While there is sufficient information on the susceptibility of certain shrimp and crayfish species available, information about the susceptibility of noble crayfish (Astacus astacus L.) and brown shrimp (Crangon crangon) is scarce. Noble (or European) crayfish is among the most widely distributed native crayfish species to Europe (Kouba, Petrusek, and Kozák 2014). Stocks are declining since the introduction of crayfish plague through American crayfish species. Brown shrimp is endemic in the North-East-Atlantic and represents one of the most important crustacean species for the ecosystem as well as for the coastal fisheries of the Netherlands and Germany. A potential WSSV susceptibility of most decapods provides indications of a serious environmental and economic impact to wild native and introduced decapods. Thus, further research should concentrate on the WSSV susceptibility of European crustacean species that have not yet been investigated so far taking environmental aspects e.g. water temperature into account.
According to legal EU animal health requirements adopted on the basis Council Directive 2006/88/EC resp. Regulation (EU) 2016/429, health certificates have to be issued for importing products of animal origin from aquatic animals. Aquatic animals and products of animal origin from aquatic animals may only be introduced into the EU if the animals don’t show any (clinical) signs of (listed) diseases. However, consignments of aquatic animals or products thereof must only be randomly examined at the border control post (BCP) at the place of entrance. If the clinical signs of white spots would have been noticed during a control check of the red swamp crayfish consignment at the BCP, the consignment would have been rejected.
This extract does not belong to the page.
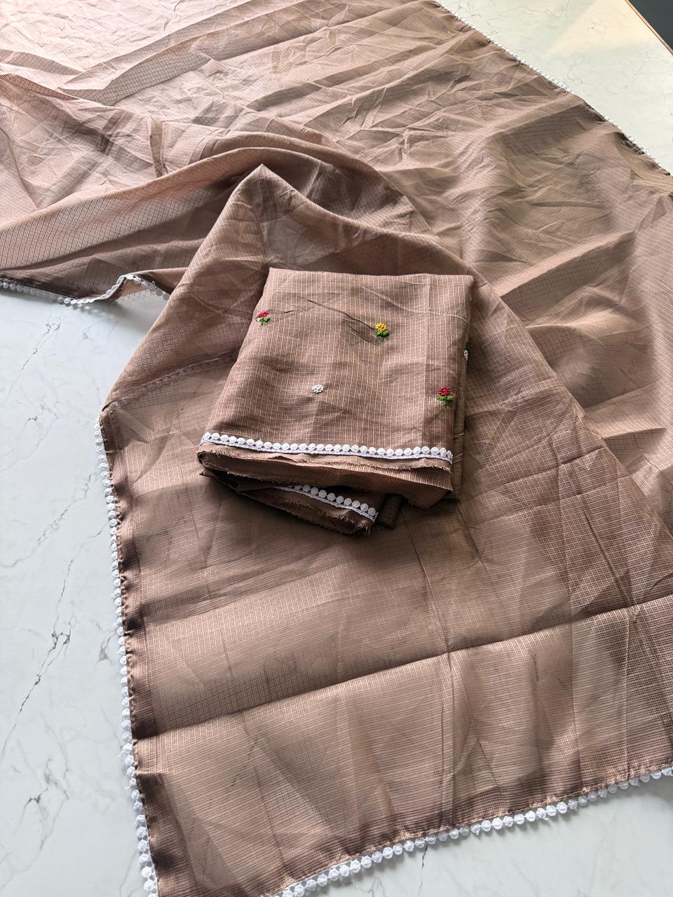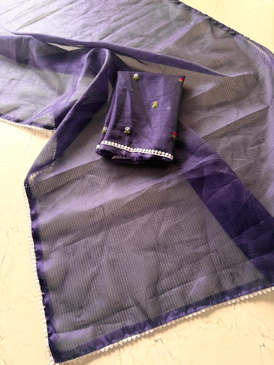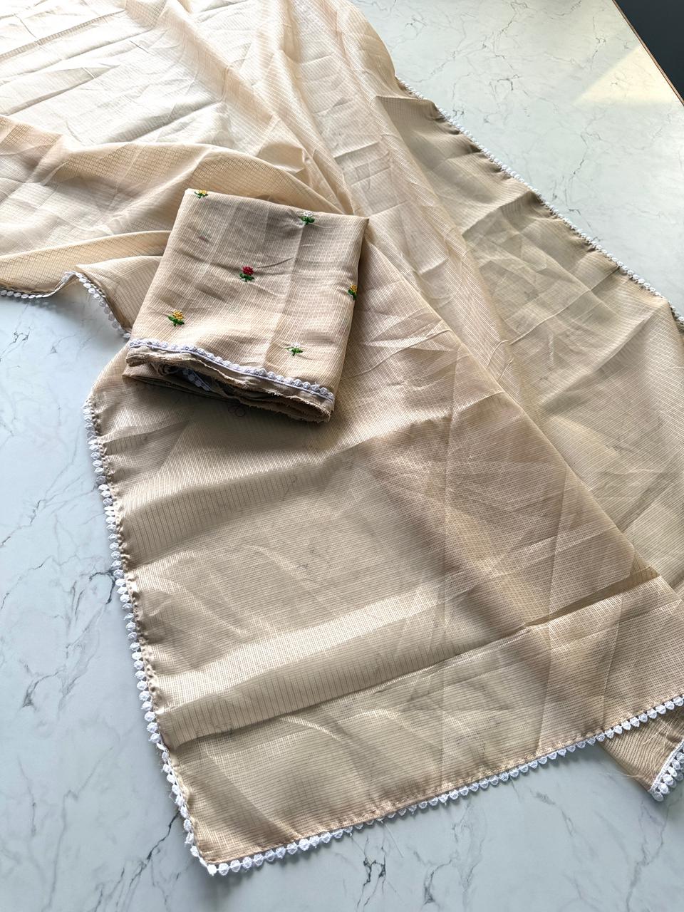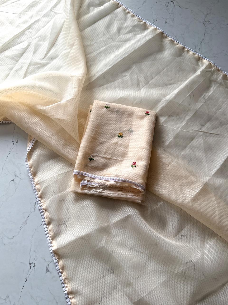 Fabric: Premium Kota Doriya, known for its breathable and airy feel.

According to legal EU food and feed safety requirements primarily adopted on the basis of the Regulations (EU) 2017/625 and (EC) No 178/2002 food and feed imported into the EU for placing on the market within the EU shall comply with the relevant requirements whereby certificates have to be issued for importing into the EU.
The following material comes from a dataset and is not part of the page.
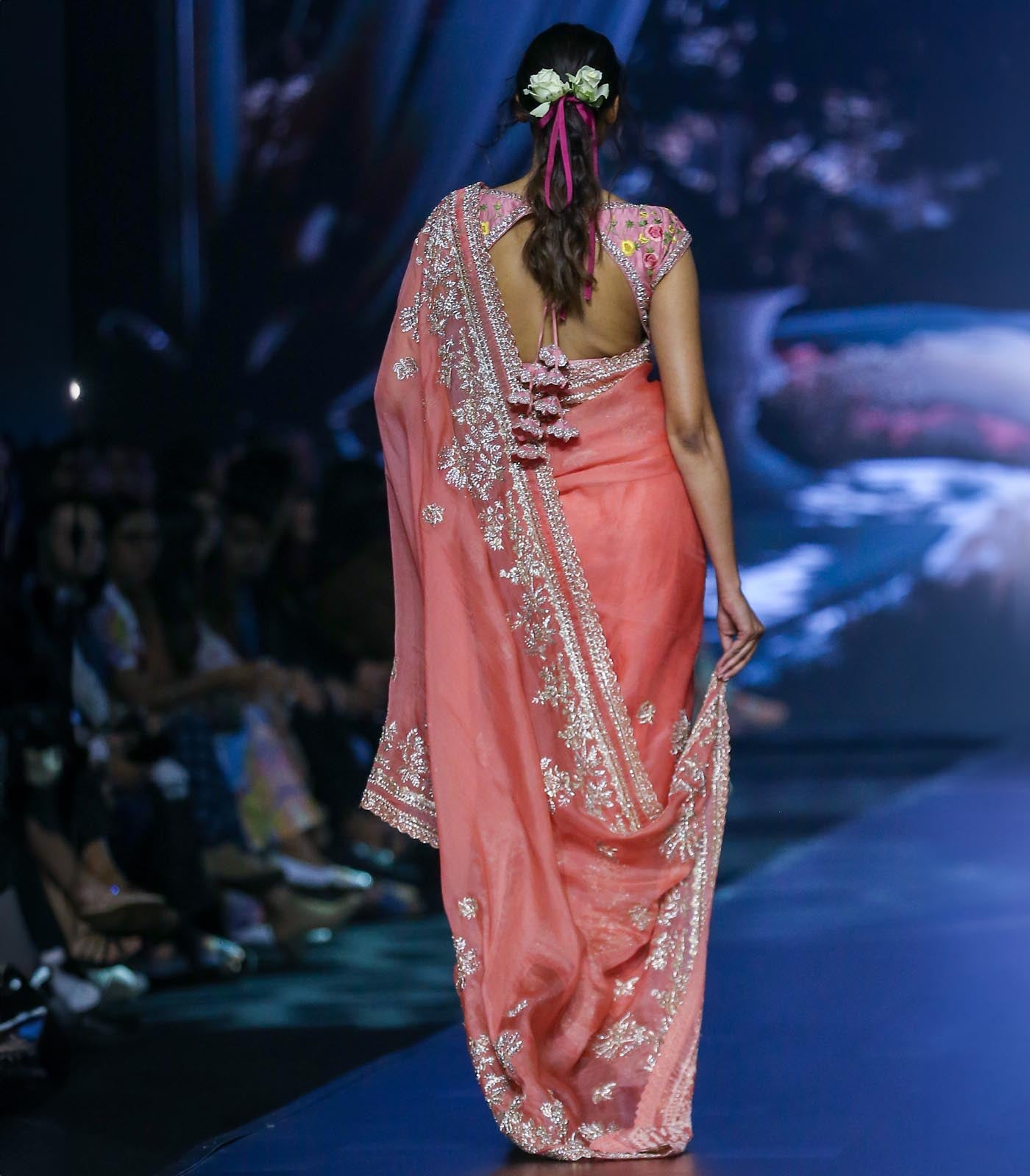 CORAL ORGANZA ZARDOZI FLORAL SCALLOP "THITHLI" SAREE SET

To efficiently control spreading of listed aquatic animal diseases associated with food for human consumption, surveillance and control measures need to be combined at three levels: (1) at the point of occurrence; (2) at the point of the exporting and the importing countries with respect to live animals, animal by-products and food for human consumption; and (3) at the point of the retailing level. More intense training of professionals regarding aquatic animal diseases at all levels – from farm to fork – could be a possible tool to observe and further raise the awareness for control measures especially for diseases associated with food for human consumption.
Acknowledgments
We thank Heike Lünsmann, Selver Rudi, Marie Keitel, Sandra Schöbel, Anja Zander, Susann Schares and Günter Strebelow for their expert technical support.
Data Availability Statement
All necessary data generated or analysed during this study are included in this manuscript. Original datasets generated during and/or analysed during this study are available from the corresponding authors on request.
Conflict of interest
The authors declare no competing financial interests.